Three seconds seems rather long in terms of actual stateful I/O requirements. It seems problematic for clusters to be vulnerable to so much heartbeat latency for continuity of service.

It seems to me what's needed in a fast-replication LAN/SAN environment is a higher-resolution heartbeat facility that resolves to the millisecond.

clustrous tewels from the deep.....

leebert's picture

Oh, sorry, forgot the samba ctdb link...

http://www.sambaxp.org/files/SambaXP2009-DATA/Henning_Henkel.pdf

(see page 14)

The samba team might be the people you want to consult on failover latency in this rig, they seem to have a certain amount of experience kicking the tires. And as another poster commented, NFS v4 does seem to have equivalent modern services found in samba....

StarWind Software offers storage cluster...

Ichiro Arai's picture

...for two nodes, just like DataCore does but at much more affordable price and also easier to use. Companies like LeftHand offer multi-node RAID5/6 network cluster and this technology is way superior to only two head cluster DataCore has. SANmelody was cool in 2005, it was OK in 2007 but it's 2010 now and you cannot ride the same old pig again and again. Here are some links:

http://www.starwindsoftware.com/starwind

and

http://h18006.www1.hp.com/storage/highlights/lefthandsans.html

Arigato!

-ichiro

Late to the party

Anonymous's picture

I'm trying to find a similar solution and stumble upon this months old discussion.

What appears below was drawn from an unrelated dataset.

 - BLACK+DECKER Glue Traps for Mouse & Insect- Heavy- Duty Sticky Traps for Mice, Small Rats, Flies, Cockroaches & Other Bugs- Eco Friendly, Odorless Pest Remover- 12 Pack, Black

Does anybody think it's possible to achieve the requirements by using Openfiler? I haven't tried it nor know the stuff well enough to think it through so throwing it up for discussion. Pardon me if it's stupid but I'm too noob to realize it :)

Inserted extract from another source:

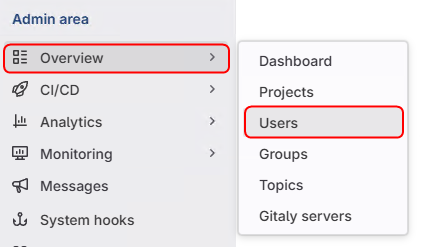 – Truy cập vào giao diện Admin để quản lý gitlab. Hãy nhập vào biểu tượng cờ lê và có chứ Admin Area để vào giao diện Admin

Essentially, use OpenFiler to create iSCSI block devices which are then used to create MD RAID 1 volumes on the application servers. If either of the data server fails, the mdraid would simply switch to the other "iSCSI" device.

NFSv4

bmrk's picture

NFSv4 supports server replication, path-to-file mapping
and byte range file locking.

"For better redundancy, NFSv4 supports file system replication and migration on the server side. Using a special file system location attribute, clients can query the server regarding the location of a file system. If the server file system is replicated for load balancing or other such reasons, the client can receive all the locations of the requested file system. Using its own policies, the client is then able to mount and access the appropriate location for the file system it requested. Similarly, if a file system is migrated, upon receiving an error while accessing the old location, the client queries the new location of the file system and makes the necessary change to accommodate the relocation.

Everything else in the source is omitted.